Directions for this task —
For the listing below, return the line containing "Ukupno 8 utičnica", the line containing "E poi credo", and all lines in between, exactly as written and nothing else.

Supplied entries —
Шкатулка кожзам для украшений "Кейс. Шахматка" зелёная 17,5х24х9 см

==

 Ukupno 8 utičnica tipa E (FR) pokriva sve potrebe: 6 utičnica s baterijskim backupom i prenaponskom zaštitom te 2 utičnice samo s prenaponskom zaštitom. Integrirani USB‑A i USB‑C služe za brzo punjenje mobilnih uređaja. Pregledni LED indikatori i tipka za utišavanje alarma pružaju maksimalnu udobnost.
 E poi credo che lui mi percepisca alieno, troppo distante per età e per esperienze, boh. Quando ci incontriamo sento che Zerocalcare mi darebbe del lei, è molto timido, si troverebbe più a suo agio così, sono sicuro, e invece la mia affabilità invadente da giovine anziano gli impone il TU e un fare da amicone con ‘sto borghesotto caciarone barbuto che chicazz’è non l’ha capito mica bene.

--

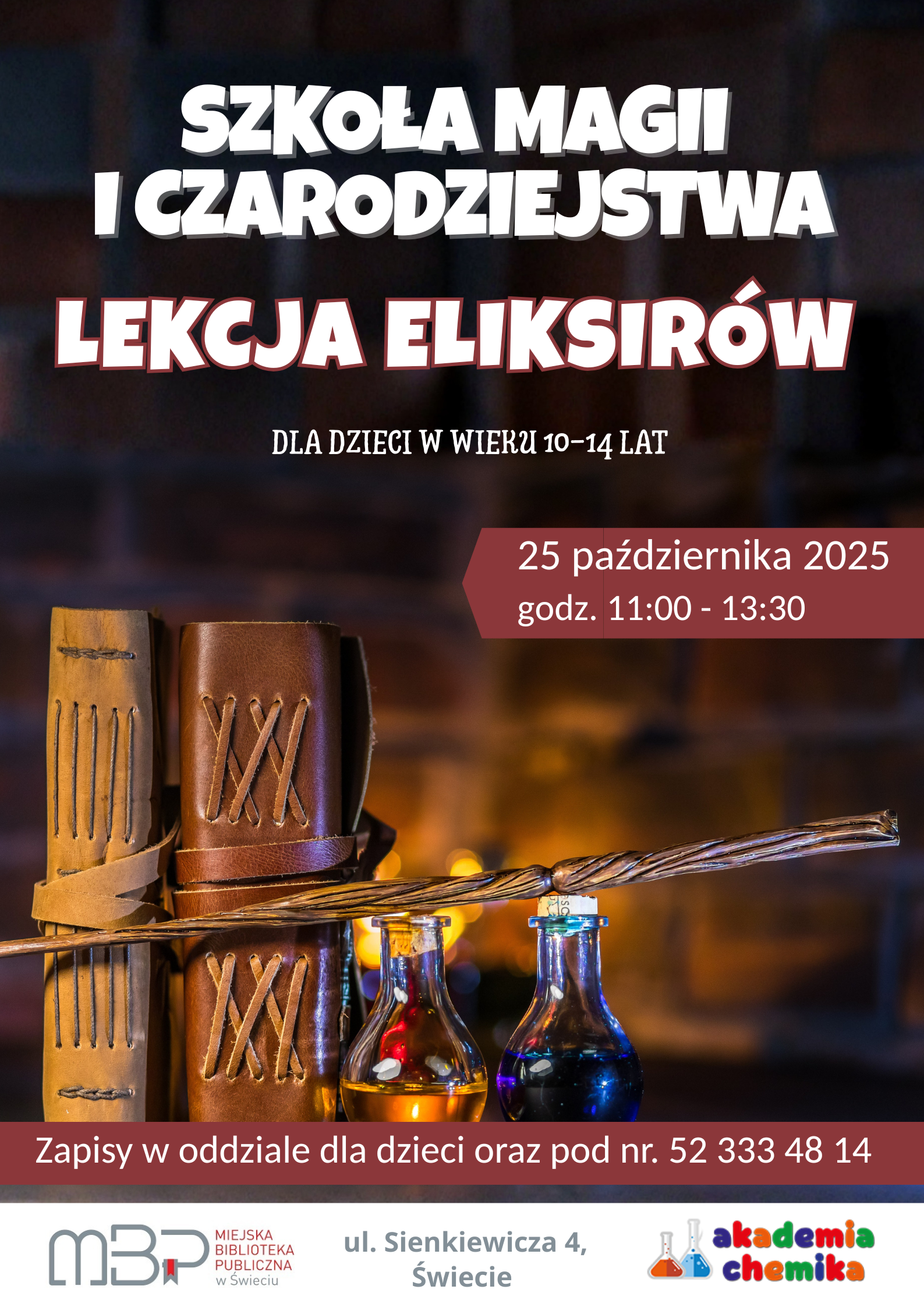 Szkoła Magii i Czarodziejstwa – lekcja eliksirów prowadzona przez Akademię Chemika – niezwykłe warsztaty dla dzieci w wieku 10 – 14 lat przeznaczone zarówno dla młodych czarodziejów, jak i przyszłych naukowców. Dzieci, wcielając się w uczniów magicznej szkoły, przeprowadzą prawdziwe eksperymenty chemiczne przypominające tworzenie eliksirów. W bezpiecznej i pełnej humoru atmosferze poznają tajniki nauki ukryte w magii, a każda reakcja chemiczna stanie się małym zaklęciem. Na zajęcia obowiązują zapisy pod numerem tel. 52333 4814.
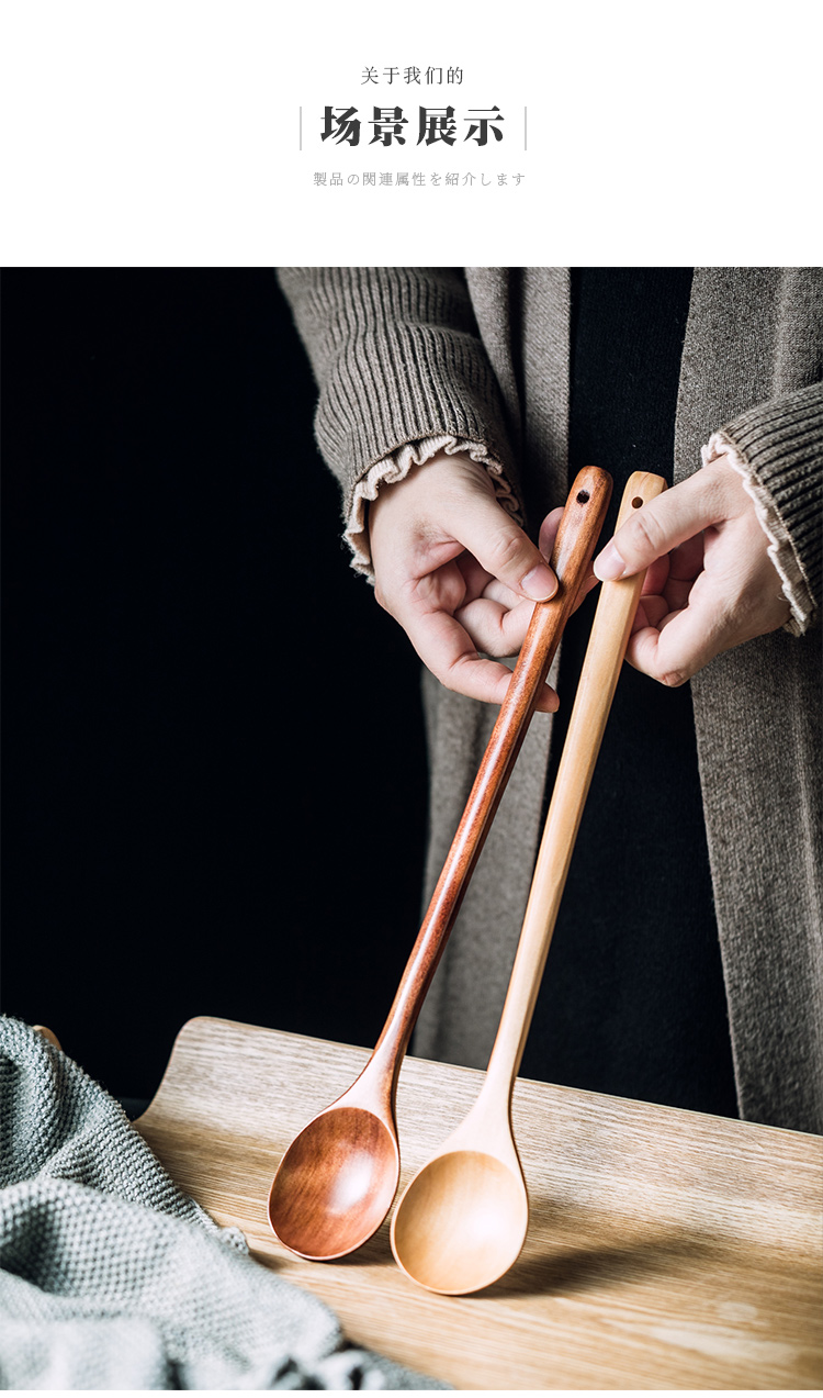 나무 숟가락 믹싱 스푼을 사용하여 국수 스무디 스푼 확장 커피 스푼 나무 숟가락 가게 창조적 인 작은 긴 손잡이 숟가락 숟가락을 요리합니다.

Worked solution —
 Ukupno 8 utičnica tipa E (FR) pokriva sve potrebe: 6 utičnica s baterijskim backupom i prenaponskom zaštitom te 2 utičnice samo s prenaponskom zaštitom. Integrirani USB‑A i USB‑C služe za brzo punjenje mobilnih uređaja. Pregledni LED indikatori i tipka za utišavanje alarma pružaju maksimalnu udobnost.
 E poi credo che lui mi percepisca alieno, troppo distante per età e per esperienze, boh. Quando ci incontriamo sento che Zerocalcare mi darebbe del lei, è molto timido, si troverebbe più a suo agio così, sono sicuro, e invece la mia affabilità invadente da giovine anziano gli impone il TU e un fare da amicone con ‘sto borghesotto caciarone barbuto che chicazz’è non l’ha capito mica bene.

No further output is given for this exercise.